For Whitestone Park was never just a playground—no, I was hearing, it was currently screaming with little kids dashing around with kites. Little orange and white-spotted terriers, other Yorkie dogs and huge German Shepherds barked obnoxiously while leaping up to get butterflies and Frisbees flittering and zooming over their heads. Parents yelled for their children to be safe on the woodchip floor surrounding the island of metal evergreen and bright red rings, swings, three sets of monkey bars, five speakers and two rock-climbing towers. Amazingly, I kept myself walking in a straight line amidst the craziness, instantly ducking as a Frisbee whizzed past me. I then dodged two T-shirts whipping even further past me as I looked back lightning-fast to see a boy and a girl go retrieve the toy.        

               Wild day! I looked down at a wrist-watch I wore on my arm whenever I went to the park after work. It’s only seven o’clock! What’s it like at one or even twelve-thirty?!  

               A few more marches and I was going to own that bench. And I did, parking myself right on top of the sandy-colored three-planked piece of seat awaiting me ever since this morning.

               I hope the craziness dies down! Okay… I put myself in office work mode and flipped that flower-studded journal open. Taking the pen out of the front cover’s little pen holder, I crossed my ankles the way I did back in Ms. T’s office and went to work.  

               The first thing I’m going to write about is how I’m going to manage two animals—a cat and a German Shepherd—while working for Ms. T and going to this funhouse of a park every day. Or maybe I’ll cut back to the weekends. Like next Friday, I’ll join this kid-happy area and only stay for an hour or so. I usually stayed for a couple of hours I got so immersed in writing my thoughts down. When I looked up, the sun would be close to setting!

               I tapped the pen to my right cheek, looking right at the blank lines on my journal’s front page. Hm. Let’s think about this for a minute…

 

               “You’re getting some animals, Callie?”

               Sandra gushed at my announcement the following Monday. We were back in the breakroom, she leaning ecstatically over the turquoise table and me sitting back in my chair, smiling a tiny bit and looking at her full in the face. “Oh my goodness! That’s great!”

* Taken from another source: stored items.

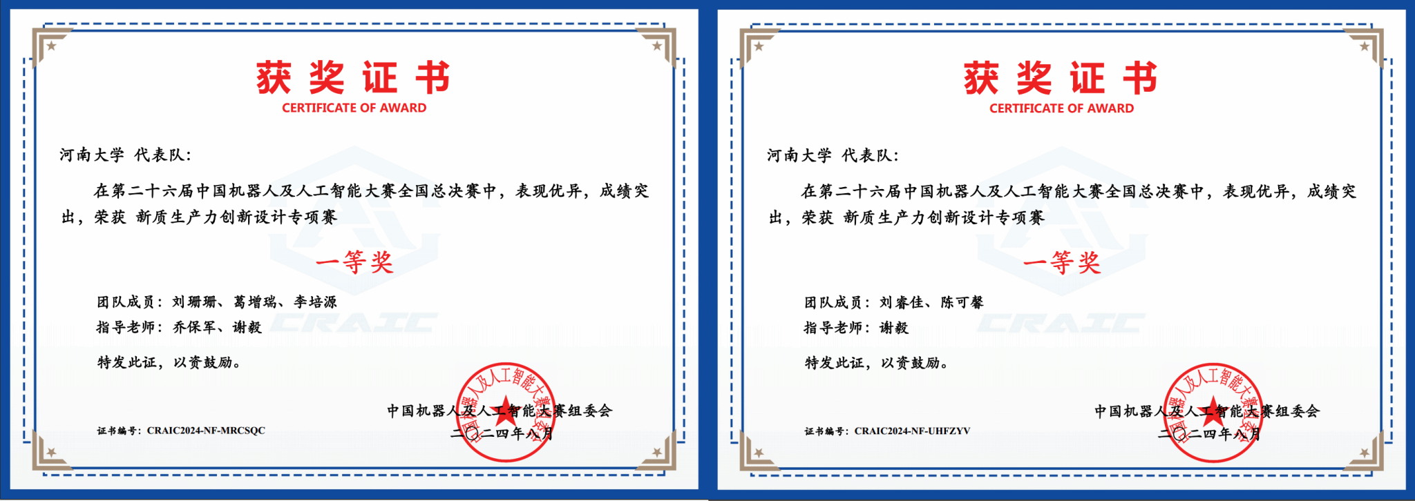 有2个团队获得了第二十六届中国机器人及人工智能大赛全国总决赛新质生产力创新设计专项赛一等奖。1名同学获得了2024年第六届码蹄杯全国大学生程序设计大赛本科院校赛道国赛金奖。4名同学组队入围了第17届信息安全竞赛-作品赛国家级决赛,获得了优胜奖。
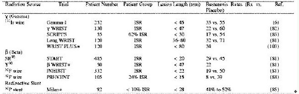 放射治疗(或者近距离放射治疗,该词来自于希腊语"brakhus",意思是短距离,指的是血管内放射源和靶细胞距离短)最近推荐用于ISR治疗,目前有很多这方面的临床试验和争论。血管内放射治疗被认为能损坏细胞DNA并有效区分内膜和中层细胞,该机制类似于肿瘤或非肿瘤性增殖型疾病的放射治疗。由于在ISR病变中有大量的平滑肌细胞增殖,这可以用免疫组化或增殖细胞核抗体(PCNA)和其它标志物测定出,因此人们对这种方法的有效性充满信心。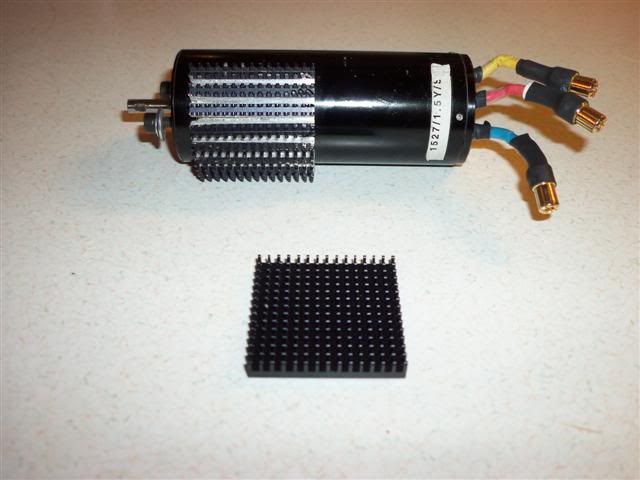I decided to add another heatsink to my motor. I was unable to find any clip on ones that would fit in my confined space, so I made my own from cheap cpu heatsinks.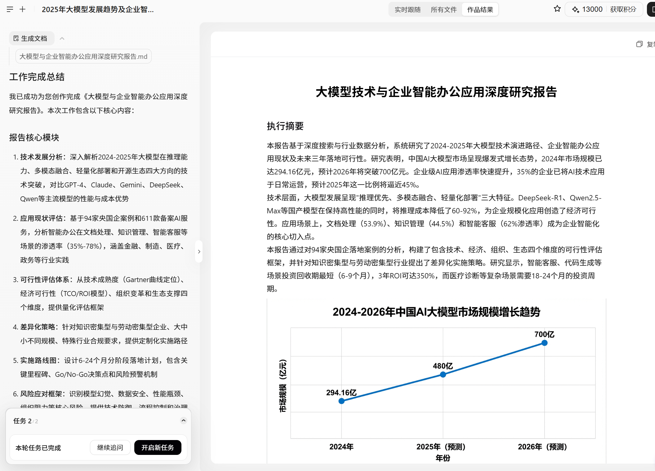 以"2025年大模型发展工作总结报告"为例,生成的报告效果如下: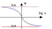 diagramme de Bode de la phase : j = -tan-1 ( Q [x- 1/x] ) recherche des asymptotes : lorsque x tend vers 0+, j tend vers +½p-; lorsque x tend vers l'infini, j tend vers -½p+ valeur particulière j(1) = 0 .

               She scrambled over into a chair, shoved herself towards the table and put her elbows on it and her cheeks in her palms. “Really? Tell me!”

               I did.   

               “Wow! I’ll tell Mackenzie!” She twisted around and tapped annoyingly on the other woman’s shoulder, clearly interrupting her. A curly-haired, chestnut-colored woman with freckles dotting her face jerked towards her, face irritated, but Sharon made Mackenzie wash this expression away with a couple of words and a pointer finger sticking itself right at me. The other employee then covered her mouth with excitement and went over beside me, sitting down to, I just knew, interview me. I was itching to leave now. But I looked back at Mackenzie, hearing Sharon return to her seat but with just as much enthusiasm, if not more.         

               “Wow!” Mackenzie mimicked Sharon as she always did. “Tell me more.”

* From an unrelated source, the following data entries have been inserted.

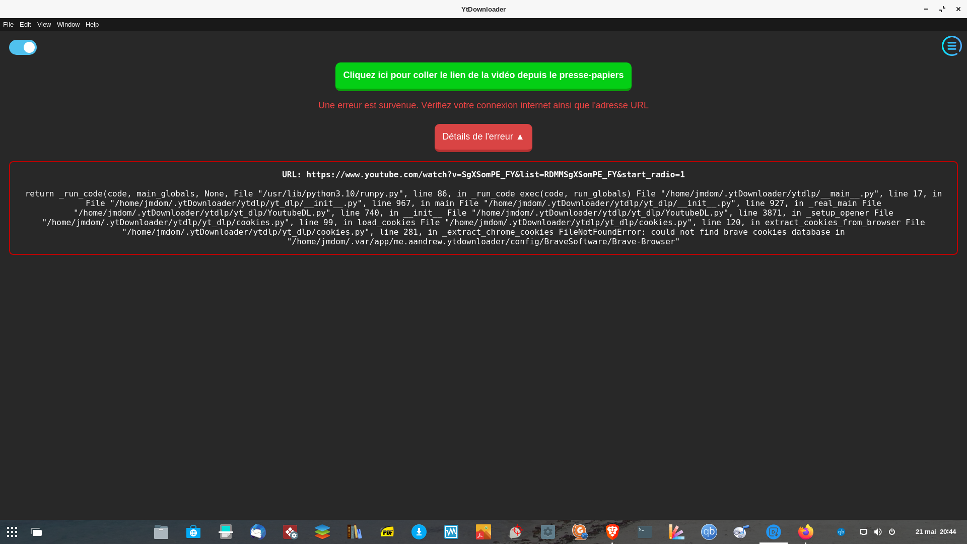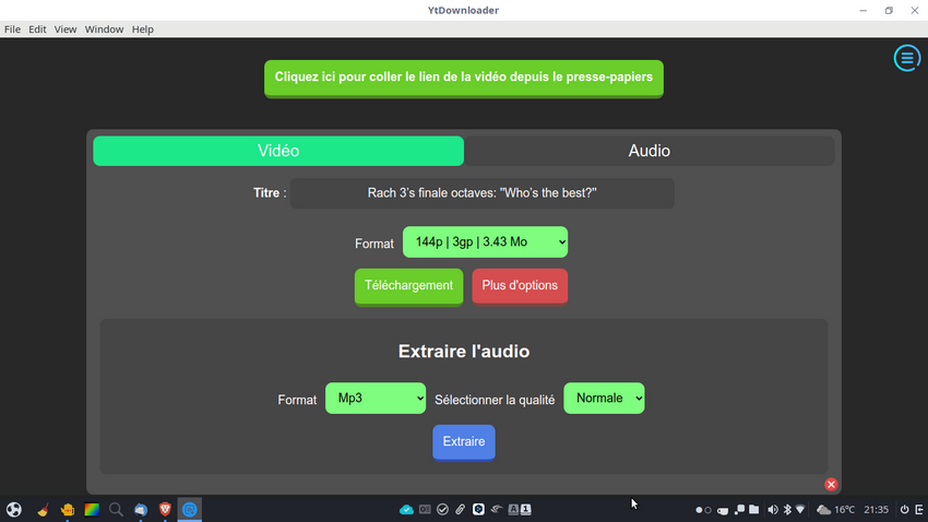 Jean-Marie a écrit : dim. 21 mai 2023 20:51 [...] YTDownloader ne me propose plus la case pour copier le lien de la vidéo [...]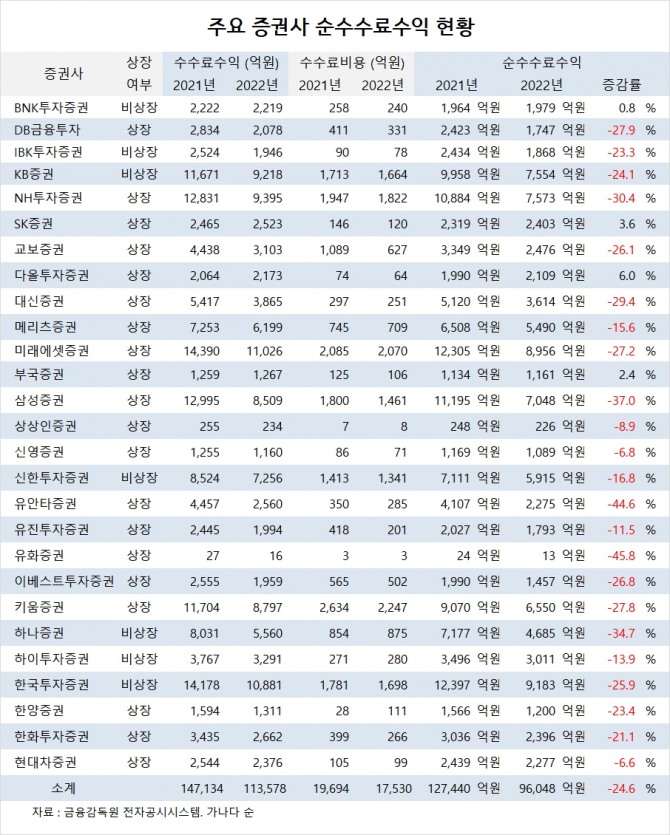 글로벌이코노믹이 조사한 국내 주요 증권사 27곳의 지난해 순수수료수익은 9조6048억원으로 전년의 12조7440억원에 비해 24.6% 감소한 것으로 나타났습니다.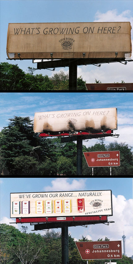 What we did: We covered the outdoor sight with hessian fabric with the message “What’s growing here?” To achieve the growth aspect, we placed trees behind the hessian to give the effect of tea growing and finally everything was removed and the various packaging of 5 Roses Tea was displayed on the billboard.

               I did. Both women squealed. I pushed a smile on my lips and that was it. Several other employees, I saw out of my peripheral vision, looked over and started muttering about what was happening. I mouthed that I was considering getting a cat and a German Shepherd. They just shrugged and turned away, returning to their own conversations and then own cubicles.

               I copied them. As I returned to my own little work world and busied myself with downloading and printing pictures of some of the documents I just gave Ms. T so those papers could illustrate its concepts not just in description but in actual photograph, I strived to ignore the tempting invitation to relax in my chair and fantasize about getting those animals and raising them to be my own.